Posted by Zonk on Sunday March 18, 2007 @07:53AM from the at-least-he's-rich-in-spirit dept.

paulraps writes "A stats program that began as a teaching aid for a university lecture has just been bought by Google for an undisclosed sum. The statistics tool, Trendalyzer, was developed by a professor and his son at Stockholm's Karolinska Institute. Unfortunately for the developers, the project has been run under the auspices of a charity, Gapminder, and financed over the last seven years by public money. Maybe that seemed smart at the time, but the professor, admitting that he won't see a dime of Google's cash, now seems regretful. As for what Google has purchased: 'Public organizations around the world invest 20 billion dollars a year producing different kinds of statistics. Until now, nobody has thought of collecting all the information in the same place. That should be possible with Trendalyzer, which will be able to present that quantity of data in a clear way as well as giving the user the ability to compare many different kinds of information.'"

9 of 106 comments (clear)

Ulterior Motives by Seumas · 2007-03-18 08:02 · Score: 5, Insightful

'Public organizations around the world invest 20 billion dollars a year producing different kinds of statistics. Until now, nobody has thought of collecting all the information in the same place. That should be possible with Trendalyzer, which will be able to present that quantity of data in a clear way as well as giving the user the ability to compare many different kinds of information.'" Of course people have thought of collecting all of that information in one single place. Just because none of the services have achieved such massive market share that they essentially did collect all of the stats around the world doesn't mean that wasn't and isn't their goal.
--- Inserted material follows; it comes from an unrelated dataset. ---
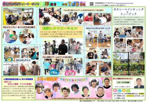 新緑の季節を迎えました! 5月16日、新緑レクリエーションを行いました!あいにくのお天気となり、室内での開催となりましたが、保護者の方にもご参加いただき、各グループでのレクリエーションや交流を楽しみました! 5月8日、初めての試み“ボタニーペインティング&ミュージック”があり、葉っぱに色を付けてみんなでアート作品を作ったり、ウクレレに合わせて楽器や歌を楽しみました♬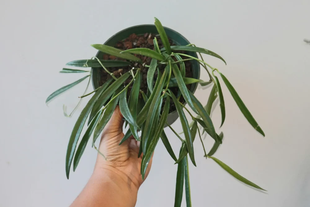 The Hoya Shepherdii plant is a captivating trailing succulent known for its distinctive heart-shaped leaves and intricate vine-like growth. Its foliage features lush greenery adorned with silver speckles, creating a visually appealing contrast. Ideal for both hanging baskets and indoor planters, this Hoya variety thrives in bright indirect light and requires minimal maintenance, making it a charming addition to any plant enthusiast’s collection.

Google, I dig you for now, but I'm not really sure that I care for the idea of having google own nearly all of the search data for every search done by every individual around the planet in the history of google and beyond combined with all of the world-wide traffic analysis data.

And as someone who would be targeted for this service -- why would I bother? There are plenty of free open source utilities out there that provide every ounce of data you could ever want and they're incredibly easy to configure and deploy.

No, the benefit here seems to be less for the end-users deploying the service and more for whoever google then turns around and sells the massive amounts of correlated information to. For instance, let's see every bit of data about a specific user so we can see everything from each search he does to his entire browsing trail. Bet we could sell that for a lot of money!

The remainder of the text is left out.